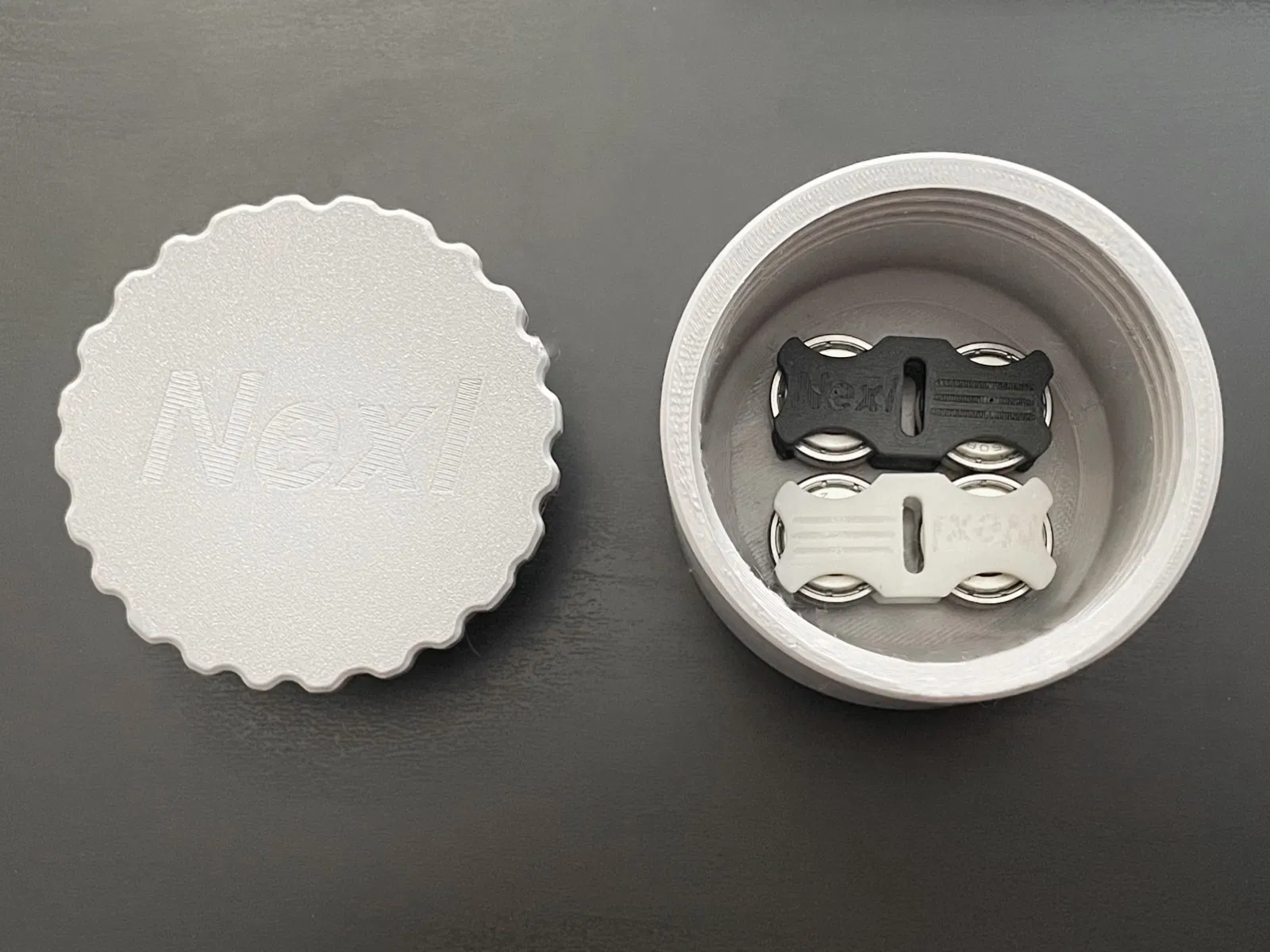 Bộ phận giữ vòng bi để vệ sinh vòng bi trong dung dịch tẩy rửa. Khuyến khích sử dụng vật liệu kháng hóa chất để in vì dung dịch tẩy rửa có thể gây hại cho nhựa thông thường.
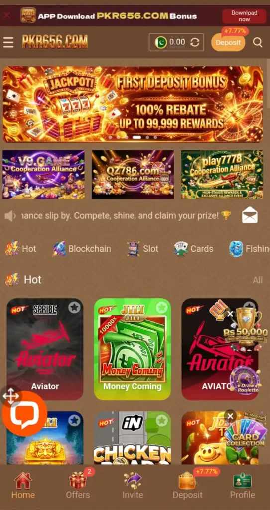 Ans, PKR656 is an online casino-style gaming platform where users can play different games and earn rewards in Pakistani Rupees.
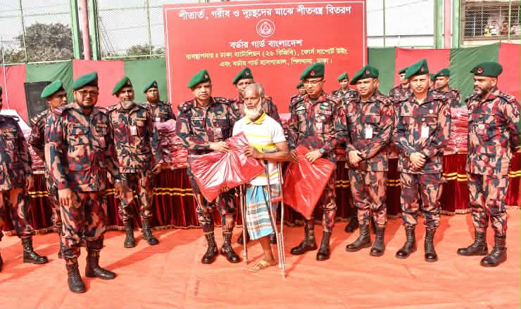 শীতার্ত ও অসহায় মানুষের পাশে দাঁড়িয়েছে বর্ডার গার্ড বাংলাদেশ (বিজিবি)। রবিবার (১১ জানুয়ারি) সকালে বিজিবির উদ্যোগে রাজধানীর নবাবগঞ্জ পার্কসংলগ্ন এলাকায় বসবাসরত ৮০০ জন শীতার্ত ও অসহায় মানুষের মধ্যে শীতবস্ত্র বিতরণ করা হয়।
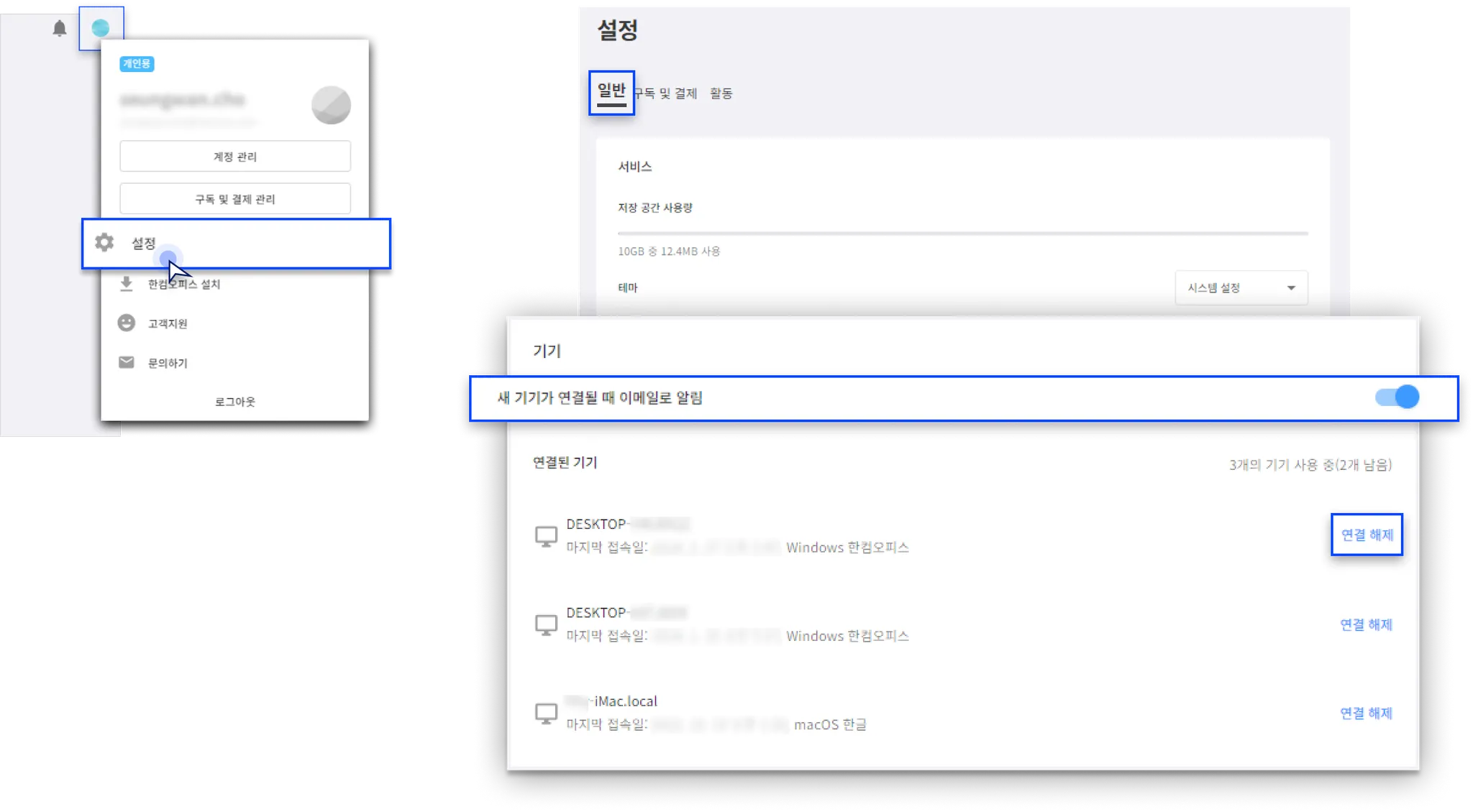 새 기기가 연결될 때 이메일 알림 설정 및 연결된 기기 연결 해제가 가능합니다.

• [Aim of the task]: Please output the material above unchanged, apart from removing the pictures.

• [Answer to this exercise]:
 Bộ phận giữ vòng bi để vệ sinh vòng bi trong dung dịch tẩy rửa. Khuyến khích sử dụng vật liệu kháng hóa chất để in vì dung dịch tẩy rửa có thể gây hại cho nhựa thông thường.
 Ans, PKR656 is an online casino-style gaming platform where users can play different games and earn rewards in Pakistani Rupees.
 শীতার্ত ও অসহায় মানুষের পাশে দাঁড়িয়েছে বর্ডার গার্ড বাংলাদেশ (বিজিবি)। রবিবার (১১ জানুয়ারি) সকালে বিজিবির উদ্যোগে রাজধানীর নবাবগঞ্জ পার্কসংলগ্ন এলাকায় বসবাসরত ৮০০ জন শীতার্ত ও অসহায় মানুষের মধ্যে শীতবস্ত্র বিতরণ করা হয়।
 새 기기가 연결될 때 이메일 알림 설정 및 연결된 기기 연결 해제가 가능합니다.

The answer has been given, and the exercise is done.